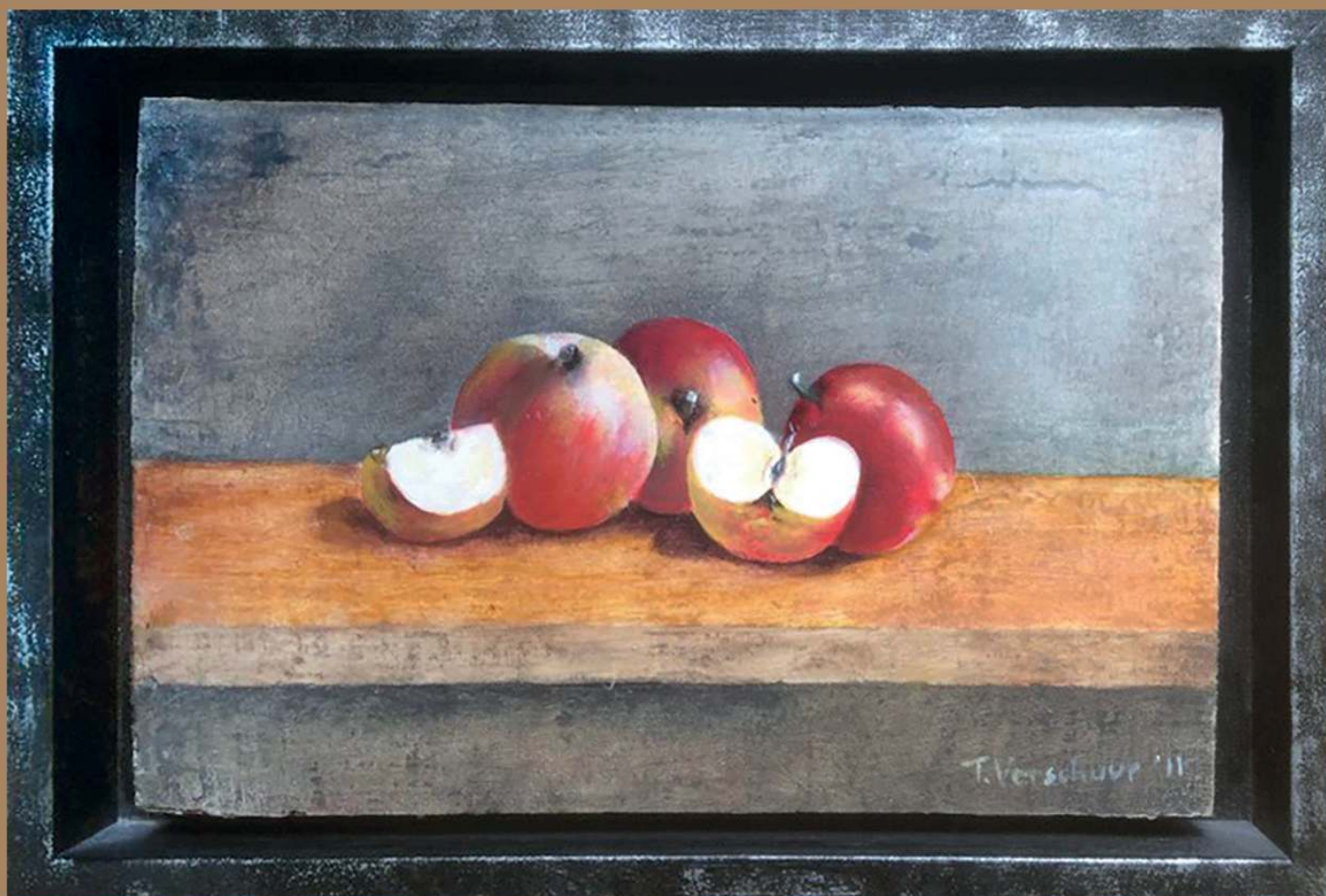
Thea Verschuur - Appels
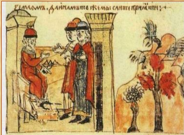
Изложение князю Владимиру своей веры хазарами
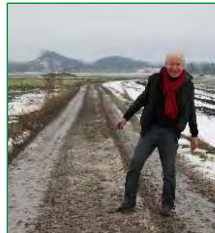
Le secteur pavé d'Haveluy.
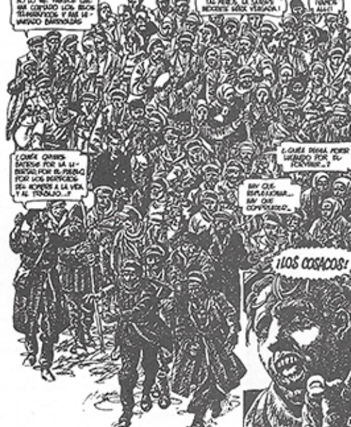
► Plancha de "EL DOMINGO ROJO". "Más que especializarme en temas de Historia, creo que es en temas de "masas", porque no hay nadie que las quiera hacer. No las hago nunca igual, ni recorro a dibujar caras redonditas. Me gusta entretenerme en cada personaje, y los hago a todos diferentes."
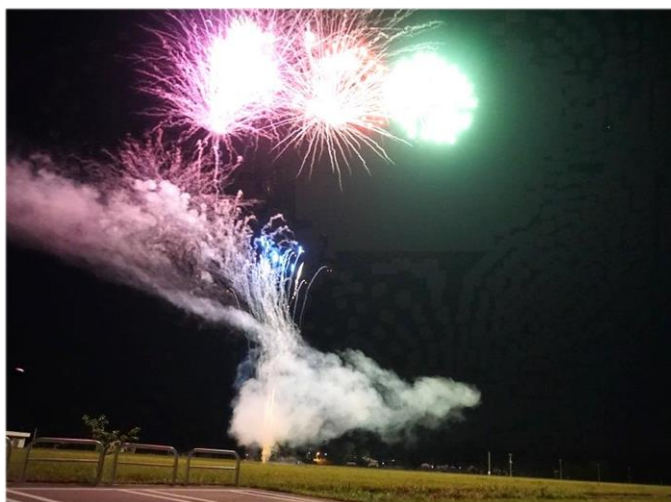
フィナーレの打上げ花火
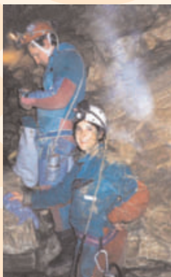
Gruppo speleologico in azione
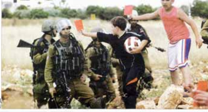
کارت قرمز به رژیم جعلی
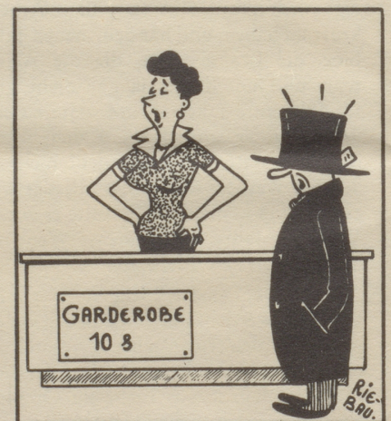
« Si sind de letscht Gascht und das isch de letscht Huet! »

wunderung temperamentvoll Luft schaffen: «E settige gseet me bi üs höchstens au Schautjaar einisch! – Settig würd me z Bärn usschstelle! – Ja ir Schwiz isch me haut scho nid mit schöne Manne verwöönt!» Da bricht die Woge der Begeisterung unerwartet ab. Der traumhafte Caballero hat zu seinem Begleiter einige Worte gesprochen in einer Sprache, die den drei Mädchen eigentlich gar nicht so spanisch vorkommt. «Dir», platzt Rösli aufgeregt heraus, «dasch ja e Franzos!»
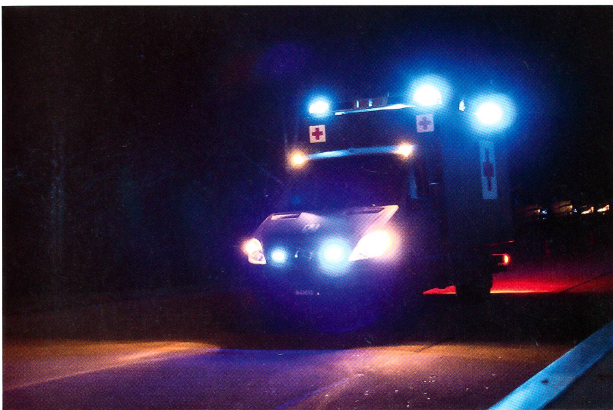
Der Sanitätswagen im Einsatz mit Blaulicht.

WORK INSTRUCTIONS: Everything in the records goes into your answer exactly, except the pictures.

OUTPUT FOR THIS EXERCISE:
Thea Verschuur - Appels
Изложение князю Владимиру своей веры хазарами
Le secteur pavé d'Haveluy.
► Plancha de "EL DOMINGO ROJO". "Más que especializarme en temas de Historia, creo que es en temas de "masas", porque no hay nadie que las quiera hacer. No las hago nunca igual, ni recorro a dibujar caras redonditas. Me gusta entretenerme en cada personaje, y los hago a todos diferentes."
フィナーレの打上げ花火
Gruppo speleologico in azione
کارت قرمز به رژیم جعلی
« Si sind de letscht Gascht und das isch de letscht Huet! »

wunderung temperamentvoll Luft schaffen: «E settige gseet me bi üs höchstens au Schautjaar einisch! – Settig würd me z Bärn usschstelle! – Ja ir Schwiz isch me haut scho nid mit schöne Manne verwöönt!» Da bricht die Woge der Begeisterung unerwartet ab. Der traumhafte Caballero hat zu seinem Begleiter einige Worte gesprochen in einer Sprache, die den drei Mädchen eigentlich gar nicht so spanisch vorkommt. «Dir», platzt Rösli aufgeregt heraus, «dasch ja e Franzos!»
Der Sanitätswagen im Einsatz mit Blaulicht.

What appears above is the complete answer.